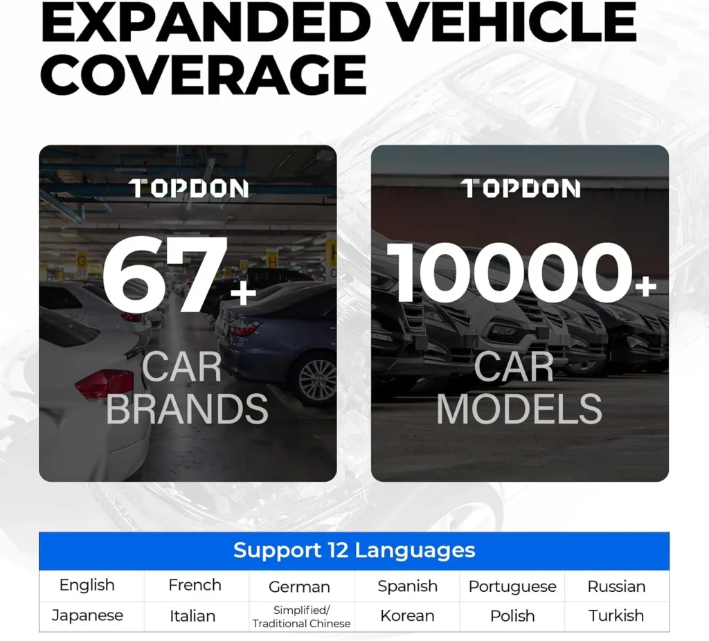 Suportă diagnosticare OBD2 completă și este compatibil cu peste 67 de mărci auto.
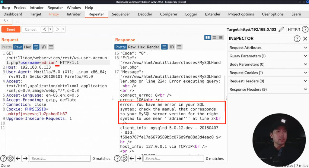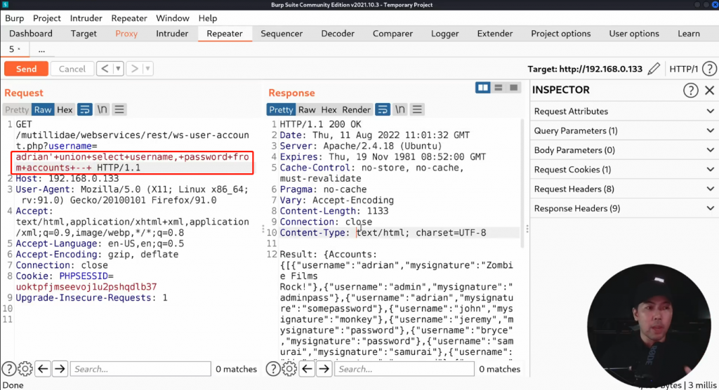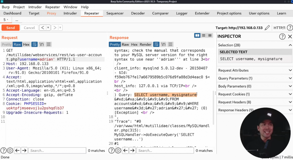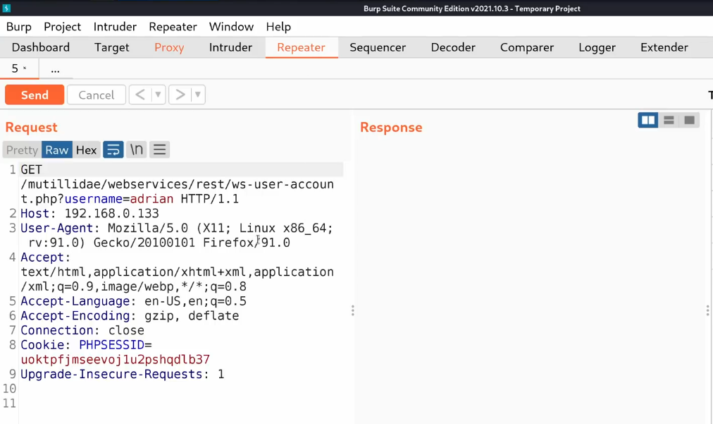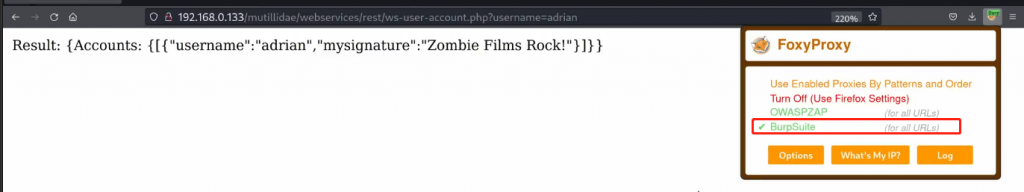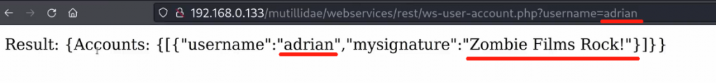 我们访问mutillidae/webservices/rest/ws-user-account.php?username=adrian
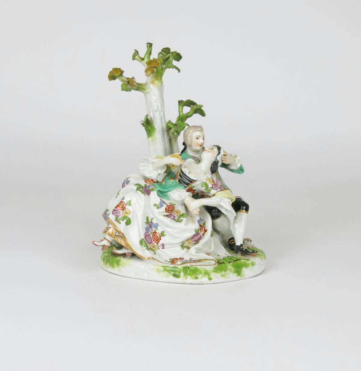 A Meissen crinoline group of lovers c.1770, modelled by J J Kändler, the amorous pair seated beneath a tree and enjoying an embrace, blue crossed swords and dot mark, some restorations, 19cm.
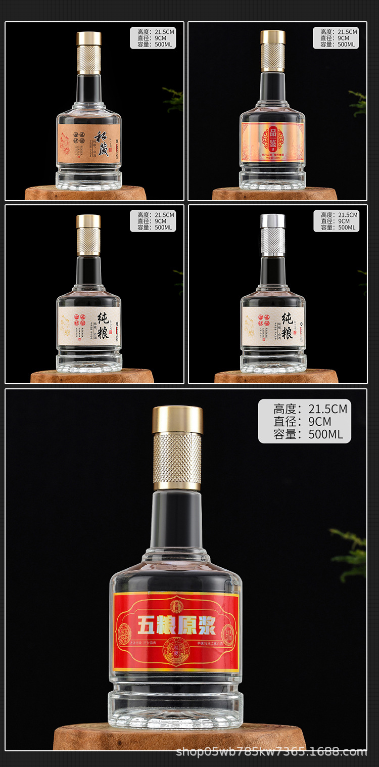 工厂批发高档玻璃酒瓶500ml空酒瓶加厚白酒瓶全套酒瓶包装分装瓶
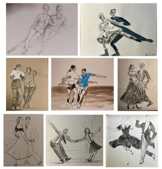 Im November / Dezember haben wir bei den Bunten Hunden ein paar Online-Sessions gemacht zu Tanz, daraus ist die Idee entstanden. Zeichnen von Tanz ist einerseits ein einfacher, niedrigschwelliger Zugang zur Figur. (Figur ist ja oft ein "Angstgegner"...) Es geht um Bewegung, um Beschwingtheit, nicht fest werden.

_Exercise goal_
Your answer should be the lines from the opening of the records through the line with "工厂批发高档玻璃酒瓶500ml空酒瓶加厚白酒瓶全套酒瓶包装分装瓶", both ends retyped exactly and pictures left out.

_Response to the exercise_
 Suportă diagnosticare OBD2 completă și este compatibil cu peste 67 de mărci auto.
 我们访问mutillidae/webservices/rest/ws-user-account.php?username=adrian
 A Meissen crinoline group of lovers c.1770, modelled by J J Kändler, the amorous pair seated beneath a tree and enjoying an embrace, blue crossed swords and dot mark, some restorations, 19cm.
 工厂批发高档玻璃酒瓶500ml空酒瓶加厚白酒瓶全套酒瓶包装分装瓶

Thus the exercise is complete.